The Trump administration is rushing through with parting arms gifts to Saudi Arabia despite its deplorable human rights record,’ said Sarah Leah Whitson, Executive Director of Democracy for the Arab World Now (DAWN), the organization founded by Jamal Khashoggi, the dissident and author murdered by the Saudi regime in 2018.


Protesting against UK arms exports to Saudi Arabia

In June 2019, the Court of Appeal ruled that British arms sales to Saudi Arabia were unlawful and accused ministers of ignoring whether airstrikes that killed civilians in Yemen broke humanitarian law.


Sir Terence Etherton, the master of the rolls, said that ministers had made no concluded assessments of whether the Saudi-led coalition had committed violations of international humanitarian law in the past, during the Yemen conflict, and made no attempt to do so.’

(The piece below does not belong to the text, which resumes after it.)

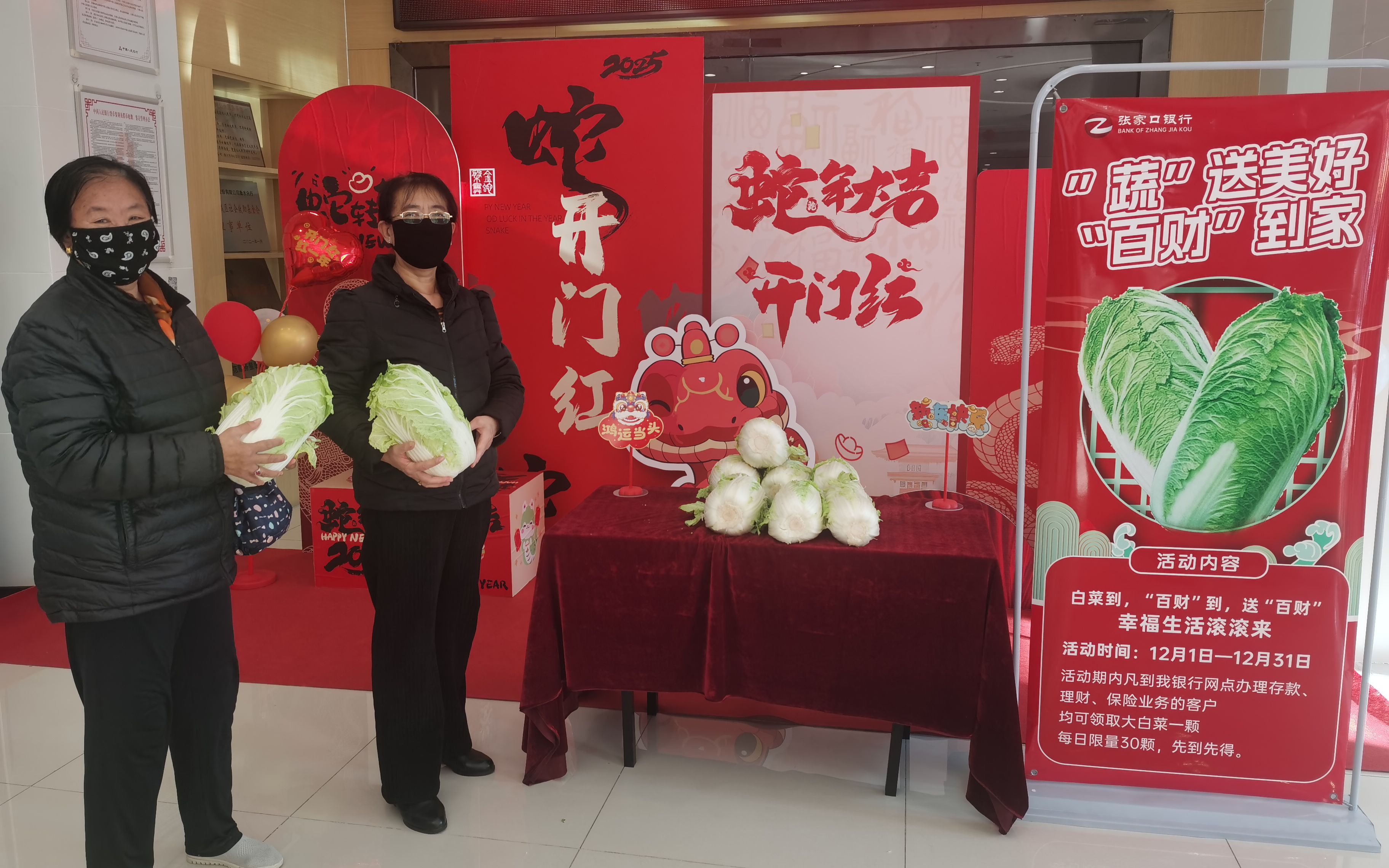 为回馈广大客户关怀、关爱,近日,张家口银行衡水分行营业部开展了“冬日送白菜,情暖客户心”活动,为广大客户送上一份份新鲜的白菜与新年的祝福。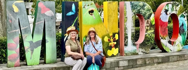 Leena and her sister, Mona, at the vibrant Mindo sign in Ecuador. © Vijay Raju |

Britain has since resumed arms sales to Saudi Arabia, after International Trade Secretary Liz Truss told MPs that violations of international law were isolated incidents.


One would be inclined to think that Saudi Arabia’s vast oil reserves are a certain deciding factor in such arms deals...



Does Yemen Have A Future?


Whilst we may complain about seemingly never-ending lockdowns and having to wear a facemask, spare a thought for the people of Yemen - particularly the children of Yemen. With the rollout of vaccines beginning in the UK, there may be finally light at the end of the tunnel. However, with ever worsening food shortages, lack of medical supplies and health professionals and continued military action, the nightmare in Yemen is far from over.


Despite this, young people in Yemen have not lost all hope. They believe that better days will come when bombs no longer fall on cities and towns and when children can be children.


Abdulrahman Al-Habshi, a young Yemeni computer scientist and social media consultant defiantly says, “As much as it pains me to say it, the situation is dismal. That doesn’t mean we the youth of Yemen don’t hope anymore. We do. But we can only pray that this war ends soon before we lose more of our family and friends to the senseless killing,” he said.


For now, all they know is war.


 

Gerard Scullion is 20 and from Carnlough, East Antrim. He studies Law at Queen’s University Belfast and takes an interest in matters of faith and politics.